Any thoughts about this? Would the shortened timelimit (200ms per turn) make this approach infeasible? I imagine you'd probably have to alter it a bit so it would fit it the time limit.
- Updated Thursday, June 2nd 2016 @ 10:56:30
Maybe one could use the AMAF approach All Moves As First to gather more data from each iteration of their MCTS. Basically, you assume that a move to space X,Y has a similar value on the current turn as it does on a future turn (in general) because moves in GO often have only a local impact so you give each position a more negative score if you moved to that position in a losing tree search and a more positive score if you moved to that position in a winning tree search. This could help you get sufficient data on a position even with limited processing time.
Also, I'm not sure if it is a hack / against the rules but if you send an invalid move to the engine before sending your "real" move it will give you an extra 200 ms. So at least right now you have 400 ms to make each move.
For myself, I am planning on building an early games database from the first (10-20?) moves based on games between good players found on The KGS Server and then possibly attempting to use a neural net to come up with moves in the midgame and switching to brute force / MCTS in the later game. I don't know much about the capabilities of neural nets yet so that part of my plan may get scrapped.
I'm sure everyone has seen it so The Alphago Paper describes how the alphago bot scraped data from MCTS to train their "policy" neural network which performed quite well against some of the better GO AIs.
- Created Thursday, June 2nd 2016 @ 11:45:24
@multivac This bug is also present in the UTTT challenge. I think it was mentioned before, but for some reason it never got fixed.

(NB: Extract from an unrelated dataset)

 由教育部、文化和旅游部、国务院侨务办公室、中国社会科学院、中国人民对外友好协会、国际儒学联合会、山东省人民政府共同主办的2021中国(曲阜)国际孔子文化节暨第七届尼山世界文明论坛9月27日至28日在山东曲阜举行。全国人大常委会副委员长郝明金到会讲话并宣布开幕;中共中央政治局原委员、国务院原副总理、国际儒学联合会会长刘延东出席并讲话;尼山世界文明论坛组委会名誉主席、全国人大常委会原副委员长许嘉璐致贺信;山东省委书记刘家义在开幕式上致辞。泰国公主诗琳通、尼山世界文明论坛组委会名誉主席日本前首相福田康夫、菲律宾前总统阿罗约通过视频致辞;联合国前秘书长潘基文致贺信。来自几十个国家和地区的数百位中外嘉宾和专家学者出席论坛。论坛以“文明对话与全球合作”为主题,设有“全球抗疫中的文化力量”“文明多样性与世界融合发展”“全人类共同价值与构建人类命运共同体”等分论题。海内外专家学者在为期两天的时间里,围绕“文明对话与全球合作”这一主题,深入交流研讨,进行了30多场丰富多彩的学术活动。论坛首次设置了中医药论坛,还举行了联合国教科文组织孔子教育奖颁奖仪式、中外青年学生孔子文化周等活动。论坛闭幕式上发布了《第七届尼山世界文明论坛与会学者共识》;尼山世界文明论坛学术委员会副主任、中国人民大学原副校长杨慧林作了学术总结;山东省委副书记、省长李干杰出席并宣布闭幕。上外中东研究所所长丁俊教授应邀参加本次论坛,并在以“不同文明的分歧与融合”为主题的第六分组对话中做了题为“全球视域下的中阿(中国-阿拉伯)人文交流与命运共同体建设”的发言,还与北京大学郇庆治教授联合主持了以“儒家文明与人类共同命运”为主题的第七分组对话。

- Updated Thursday, October 27th 2016 @ 03:10:55
Ended up implementing a move predictor. Basically given a board state, my bot tries to guess what is the most likely move an expert would make and take that move. The model I use is described in this paper. I would describe it similar to support vector machines (maybe?); I don't know ML that well. The nice thing about the model is that it was easy to implement, and it considers the value of pair-wise interactions between features. I trained off of games that I found from KGS game records. The features I used are slightly different than what's described in the paper, so I will keep it a secret ;) However, my prediction accuracy is still worse than what they achieved, so maybe they are onto something...
Still a lot of work to go though; the model still outputs some strange moves, so I will have to play around with the weights & parameters some more. Some are understandable like how my bot doesn't like to capture stones that are caught in ladders (this makes sense because you usually capture them at the last moment). However, things change with a turn limit.
There is a lot of literature out there about Go which is cool. It's a good opportunity to learn about some machine learning algorithms and try them out. I think the ML approach is especially good if you don't know much about the game (like me).